Court Opinion

ID: 9483930
Source: CourtListenerOpinion
Date Created: 2023-08-05 09:36:03.485036+00
Date Added: 2024-06-11T17:49:55.703737
License: Public Domain

SHEDD, District Judge,
concurring:
The application of the discretionary function exception to the Federal Tort Claims Act is a very difficult area of the law. This exception is not defined in the statute and courts have struggled with applying the exception to unlimited factual circumstances.
The purpose of the discretionary function exception can be stated easily enough. It was enacted to protect against judicial second-guessing of policy judgments, which are those decisions grounded in social, economic, and political policy. However, Justice Scalia is undoubtedly correct when he says lower courts have had difficulty in applying the test of whether the choice is an exercise of “policy judgment.” United States v. Gaubert, — U.S.---, 111 S.Ct. 1267, 1280 (1991).

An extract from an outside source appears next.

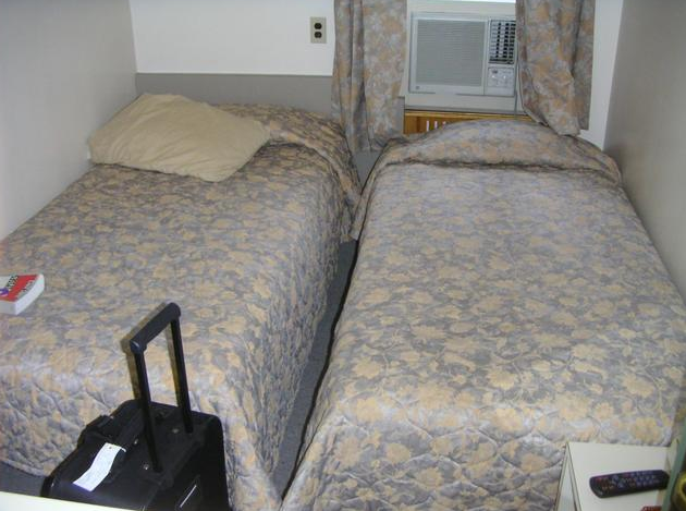 Have you ever stayed in the Japanese-style arrangement where the “room” is a bed with a pull-down door and people dress in the halls and use communal bathrooms? I’ve only seen pictures, but thought nothing could make me more claustrophobic — until I saw this picture. At least you would be prepared if you booked a bunk bed-as-room place and the lights are very bright. This place looks like a jail cell, and you’d probably never find anything which dropped between the beds.

This Court today rules that the judgment involved in choosing the materials for the construction of a bridge guardrail is a policy judgment, exempted from judicial scrutiny by the discretionary function exception. Under this analysis, a person injured as a result of the government’s defective design or construction of any infrastructure will be unable to recover against the government, unless there was a breach of a specific safety standard mandated by a federal statute or regulation. As a result, government agencies may well be discouraged from enacting mandatory regulations governing the design and construction of infrastructure in order to claim immunity under the umbrella of the discretionary function exception.
Although I believe the concurrence by Justice Scalia in Gaubert presents a more appropriate framework for analyzing the discretionary function exception, I agree that this Court has correctly applied the analysis set forth in Gaubert. Therefore, I concur with the results reached in this case.